The first alien showed the second alien the document. The second alien studied the text in silence. As he read, his companion wrapped an enormous hand around the thimble of beer. He delivered the flat liquid to his cavernous mouth in a graceful swoop.

The nervous waitress hovered nearby, trying to decide whether or not these giants could drink more. The first alien held the bottle up to feel its empty weight, caught her eye, and nodded.

She hurried over with a new bottle, and levered the cap from its neck as quickly as she could. Then she backed away to her plastic stool in the shadows.

The second alien reached the end of the page, and looked up. He released a stream of atonal sounds.
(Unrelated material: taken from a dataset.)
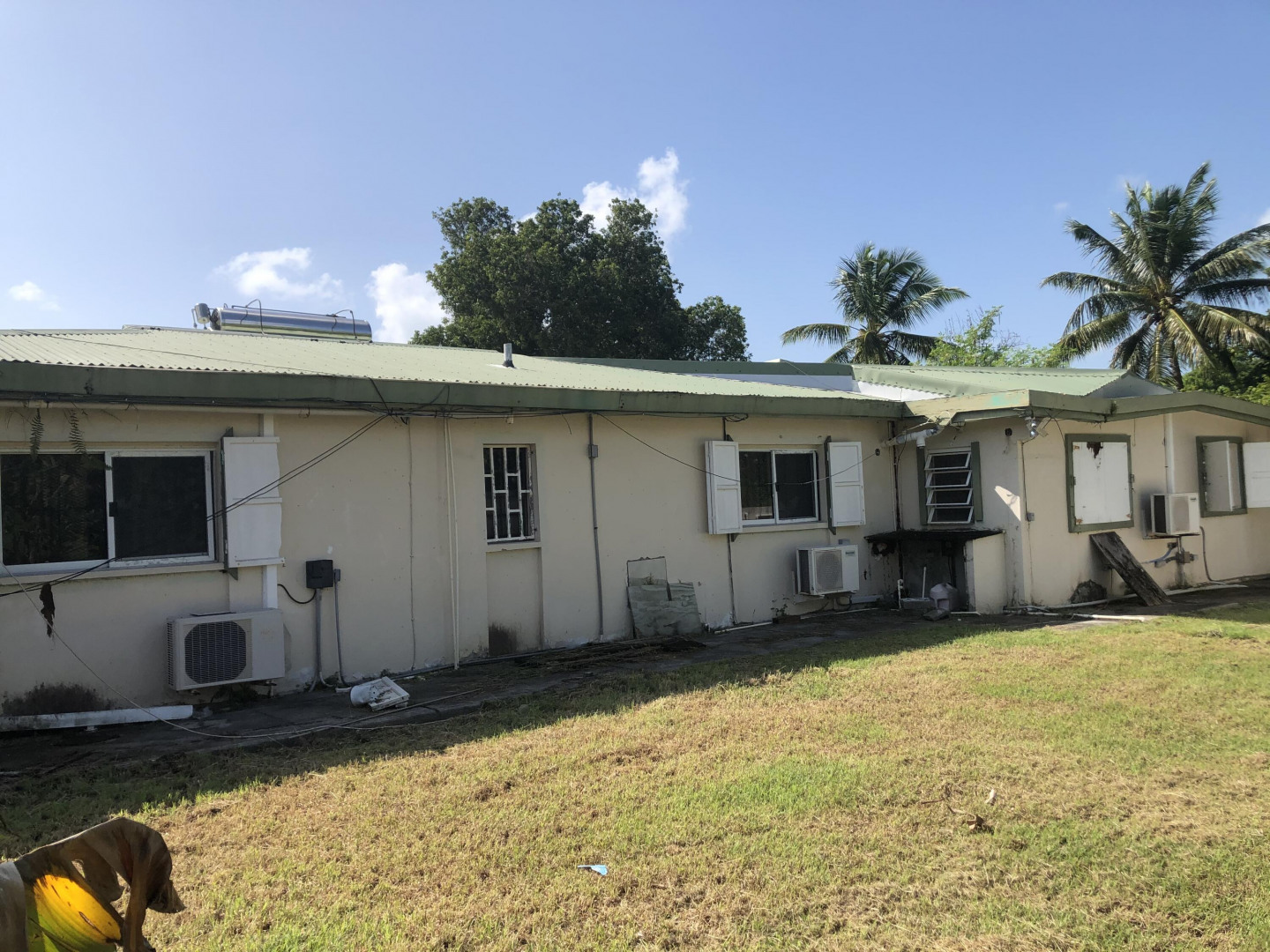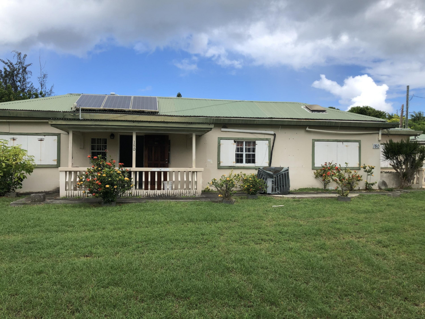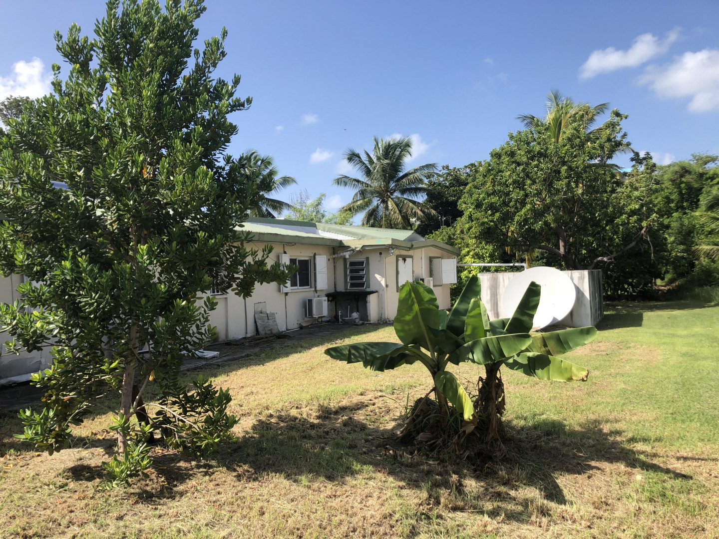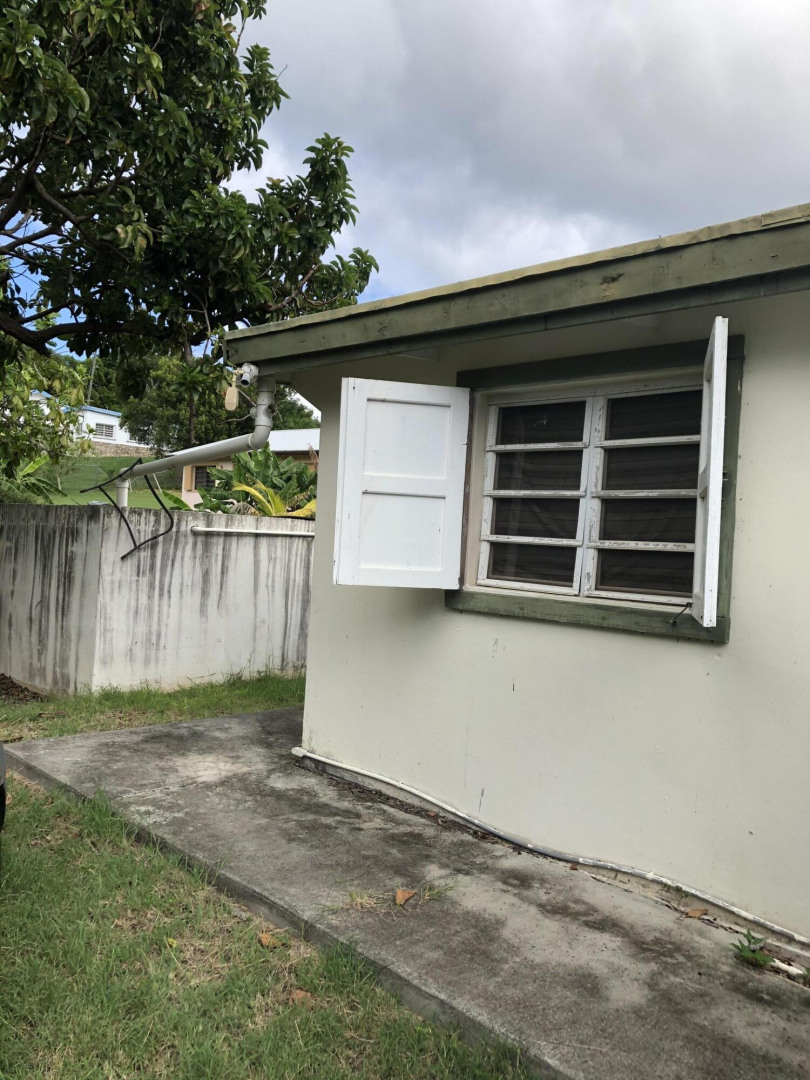 Wonderful, solid-built three-bedroom, three-bathroom home plus three one-bedroom, one-bath units for extra income! It is sitting on .50 acres in quiet Estate Ruby neighborhood. The house features high ceilings throughout, spacious living/dining room, kitchen, and bedrooms, split AC, Solar panels; beautiful stone walls in main kitchen and living areas. Nicely paved driveway. Mature fruit trees and large yard for outdoor living! Located mid-island. Very close to schools, hospital, restaurants, shopping, and business offices. This lovely home awaits you! Being sold unfurnished as-is, where-is.

The first alien replied in the same unwavering pitch, and poured out two more thimbles of beer. He pushed one across the table for his friend.

The second alien swept yellow hairs from across his forehead, and raised his thimble for a toast. He made a short, sharp noise, and they downed the beers.

The waitress listened, and watched.

When they left the little restaurant for their lodgings along the street, she looked at the paper they had abandoned on the table. The white sheet made her think of their ghostly skin.

She couldn’t understand any of the characters on the paper. But after an evening of listening, and watching, she had started to see that the aliens’ expressions were the same as her own, warped across exaggerated features and thrown into stark relief against their complexions. Like emotions painted on a mask, she thought.